# 1 day short they tell me.....(cannot transfer N/C pension)



## adunkey (22 Feb 2007)

Hi,
   I recently changed jobs & was looking to change my pension over. I don't know that much about them except mine wasa non-contributary one which the company contributed to. Anyway, I started there on 15/09/2003 & was made permanent on 21/06/2004 & left on the 30/12/2006 - according to them, by the way I am over 25. I asked for a refund because I thought I had over 2 years service but they said
  
_The member did join the company on 21.06.2004. However, as he joined_
_the company before 01.07.2004 the eligibility conditions for_
_non-contributory members apply. That is, a member became eligible to_
_join the Plan for pension benefits on the 01 January (provided they are_
_age 24) following their date of joining company or 01.01.2005 in Mr_
_Me's case. Thus, unfortunately he was one day short of having_
_completed the two years necessary to be entitled to a deferred benefit_
_on leaving._

Is there anything I can do about this?

Thanks in advance!


----------



## ClubMan (22 Feb 2007)

*Re: 1 day short they tell me.....*

I don't think so. The two year vesting period for securing employer contributions is set in law.


----------



## adunkey (22 Feb 2007)

*Re: 1 day short they tell me.....*



ClubMan said:


> I don't think so. The two year vesting period for securing employer contributions is set in law.


 
does the fact that the 30 th and the 31st were saturday & sunday not make a difference?

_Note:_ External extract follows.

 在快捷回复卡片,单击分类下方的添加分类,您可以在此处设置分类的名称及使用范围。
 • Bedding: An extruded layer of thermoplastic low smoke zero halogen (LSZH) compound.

just to annoy myself - how much do you think I would have got?

Thanks


----------



## ClubMan (22 Feb 2007)

*Re: 1 day short they tell me.....*

Check with the Pensions Board if in doubt. If you had met the 2 year vesting period rule then you would have retained the current value of your employer contributions. You would not have received this as a refund in case that's what you're asking?


----------



## adunkey (22 Feb 2007)

*Re: 1 day short they tell me.....*

cheers - I'll ring the pensions board in a while - they're on lunch now. I couldn't transfer my pension to my new job, because my new job is non-contributary - this is how I found out all this bad news!


----------



## ClubMan (22 Feb 2007)

*Re: 1 day short they tell me.....*

The transfer is irrelevant. Even if you leave it where it is or move it to a buy out bond or transfer it to another occupational scheme in the future you lose out on the employer contributions if you have not fulfilled the two year vesting period rule. Shame...  You should be entitled to your own contributions though. Did you make any?


----------



## Guest126 (22 Feb 2007)

*Re: 1 day short they tell me.....*

The poster said (in first post) that it was a non-contributory scheme.

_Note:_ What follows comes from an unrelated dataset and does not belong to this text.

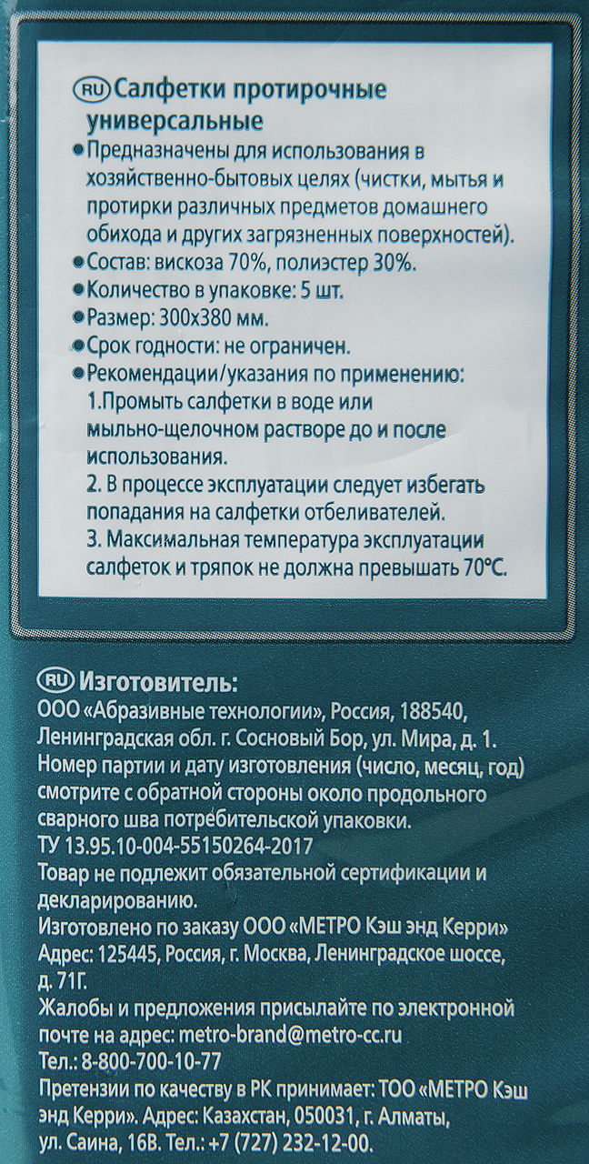 METRO PROFESSIONAL Салфетки протирочные с перфорацией 380x300 мм, 5 шт. сделаны из нетканого материала, приятного на ощупь. Его отличает плотная гладкая структура, которая не оставляет после себя ниточек и ворсинок, разводов, не царапает поверхности. Салфетки отлично впитывают влагу, остаются прочными на разрыв в мокром состоянии и быстро сохнут. Они идеально подходят для очищения кухни, ванны, туалета, офисной техники и мебели, кузова автомобиля. С помощью изделия можно быстро и тщательно очистить поверхность любого типа, в том числе зеркала, стекла, бокалы и чашки. Оно отлично используется в паре с любыми моющими и чистящими средствами. Салфетки подходят для полировки мебели. Они поставляются в виде небольших полотен ткани.

Sorry but there is no point contacting the PB - you chose to leave the company, you did not have two years of scheme service therefore you are only entitled to a refund of contributions - €0 in your case.

Sorry!


----------



## ClubMan (22 Feb 2007)

*Re: 1 day short they tell me.....*



CapitalCCC said:


> The poster said (in first post) that it was a non-contributory scheme.


Sorry - missed that.


----------



## adunkey (22 Feb 2007)

*Re: 1 day short they tell me.....*

yep - i was told I'm not entitled to anything, but I was told to contact the board of trustees & explain the situation, they may do something for me. But I don't hold much hope for this.

Otherwise, thanks for the help, life can be a horrible learning curve at times - I still don't understand why it has to be the 1st of january to start, even if I was on the scheme 6 months previous.

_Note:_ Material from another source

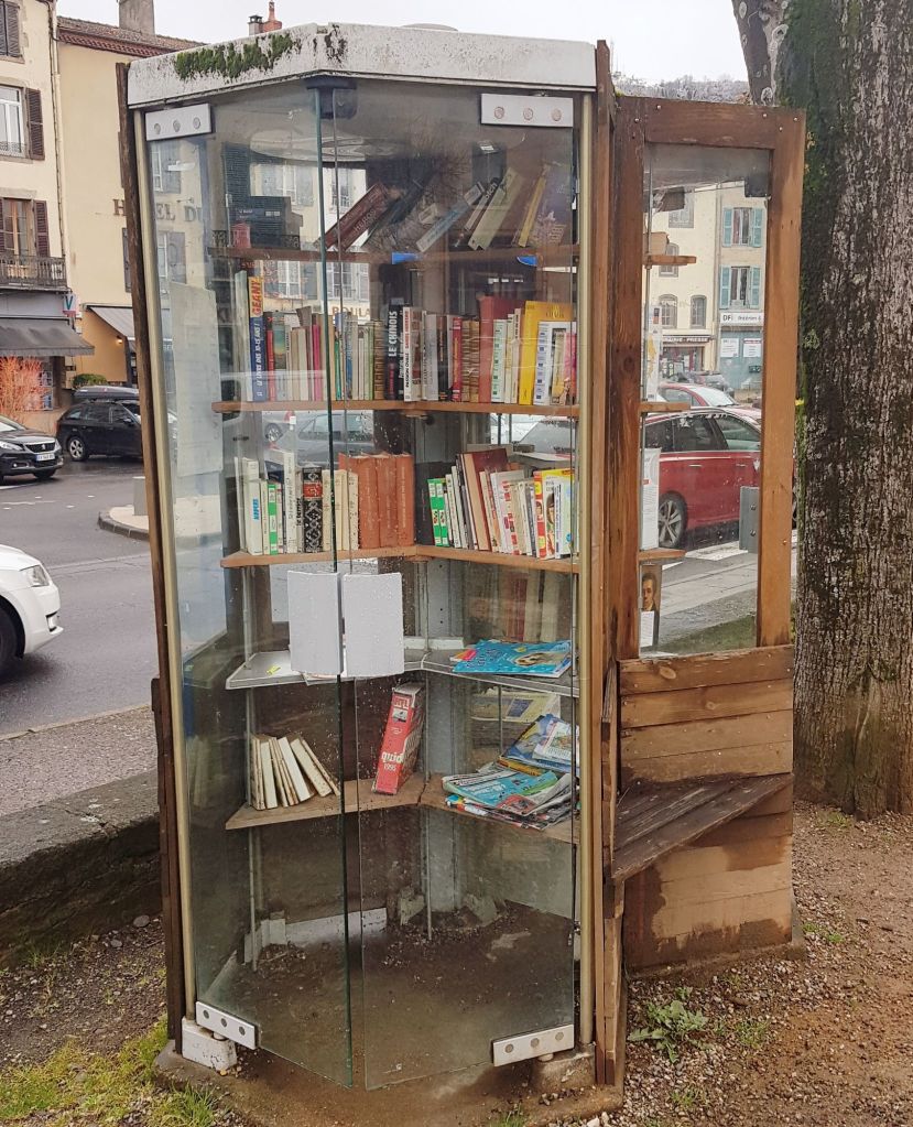 Notre tour de France des boîtes à livres reste aujourd’hui dans le département du Puy-de-Dôme. Voici une jolie cabine dénichée sur la route des vacances !

If I had known then, what I know now....


----------



## Guest126 (22 Feb 2007)

You were permanent in 21 June, but you did not join the scheme until 1 Jan 2005.

A lot of company schemes allow entry on a fixed date in the year (such as 1 Jan) in other words you join the scheme on the "fixed date/1 Jan" following becoming a permanent employee.


----------



## cormacol (22 Feb 2007)

Maybe i picked it up wrong - but did the OP not say he was looking for a refund - he should have been able to get a refund but only of his/her own contributions. If the scheme was non-contributory this means zero


----------



## ClubMan (22 Feb 2007)

No - but I guess that he was hoping that he was entitled to retain the benefits purchased by his employer's contributions (e.g. so that they could be transferred to another scheme or a buy out bond etc.) but missed out on the two year vesting period by a day.


----------